Can Image Segmentation Models overfit?

I am working on medical imaging segmentation models. One question that I need to ask is that does image segmentation models overfit? Since it is going from image to image translation rather than like in classification models, I feel like it will not overfit

Thank you

I have never trained an Image Segmentation Model other than taking DLS Course 4, which includes one assignment about U-Net for Image Segmentation. Image Segmentation is a form of classification: it just happens at the pixel level. So there still is a notion of prediction accuracy, which is what overfitting is based on. The definition of overfitting is that the model has noticably higher accuracy on the training set than it does on the test or cross validation set. Just on general principles (but without actual experience as I mentioned above), I would expect this is still possible with Image Segmentation.

1 Like

@malitha96 personally I think there is the risk of falling into an ‘illusionary trap’ with regards to thinking about segmentation models as they were presented in the course-- In our case, even in the training data, in contrast to say YOLO models (where we think more in terms of areas or bounding boxes) every single area is fully accounted for, so one might be first be tempted to think, as long as the output on my test cases is also filling the entire area, how, in a sense, can we then be ‘overfitting’ ?
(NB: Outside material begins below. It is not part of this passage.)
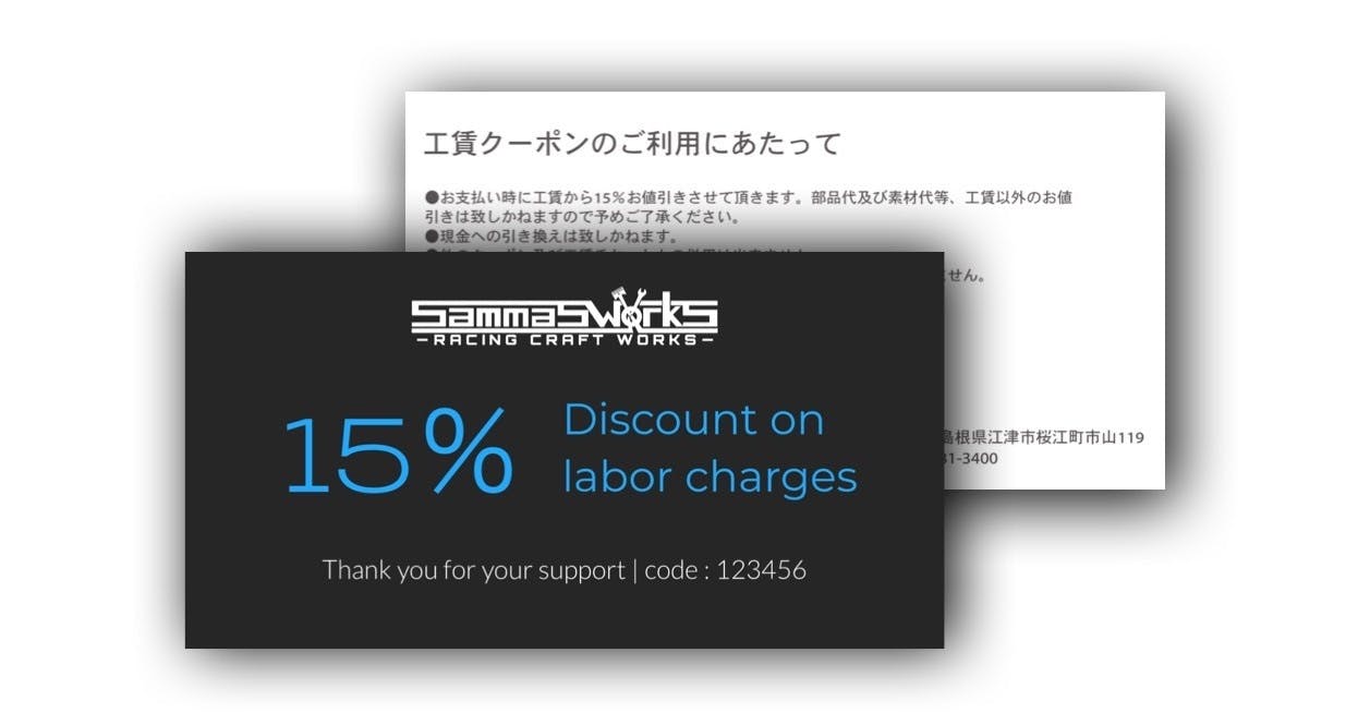 更に3,500円/7,000円のお気持ちプランに関しましては発行日より2年間お使い頂ける工賃15%割引クーポンをお付け致します。何か作業依頼がございましたら、どうぞお気軽にお問い合わせください。

One has to recall though the real meaning of this term is that our model does not generalize well to new cases-- It very well may still be mapping the entire area on test cases, but perhaps what it is mapping where on these novel cases is not at all what we are looking for.

So yes, overfitting still a major potential concern. Maybe it got ‘the sky’-- maybe it got ‘the road’-- But maybe it also mixed the two labels up.
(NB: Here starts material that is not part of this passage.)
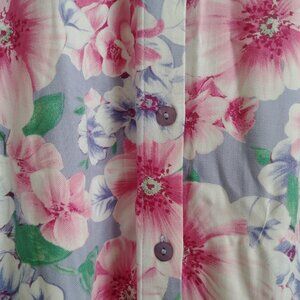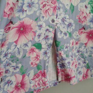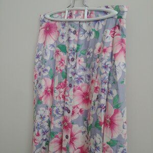 Vintage long button down midi maxi skirt purple pink and green floral Medium

@paulinpaloalto @Nevermnd Thanks for your responses. Let’s consider a scenario where we are performing medical image segmentation.

In the context of image classification, it’s common practice to split the dataset into training and validation sets based on the patient level to ensure that images from the same patient don’t appear in both sets, thus preventing data leakage and overfitting.

However, I’m unsure whether the same principle applies to image segmentation tasks. Should we also split the dataset into training and validation sets based on the patient level for medical image segmentation?

Mmm, at least to start with can you clarify what you mean by ‘patient level’ ? Are we talking the severity of the condition ? The type of condition ? The angle/axis the image is taken from, or, what, exactly ?

1 Like

When I refer to “patient level,” I am focusing on ensuring that all data (images or scans) from a single patient are either in the training set or the validation set, but not split between the two. This prevents the model from seeing data from the same patient during both training and validation, which could lead to overfitting and an unrealistic estimation of the model’s performance.


You have a dataset of MRI scans for 100 patients, and each patient has multiple MRI scans of their heart.

Without Patient Level Splitting:

  • Training Set: Contains 70% of the total scans, with images from all 100 patients.
  • Validation Set: Contains 30% of the total scans, also with images from all 100 patients.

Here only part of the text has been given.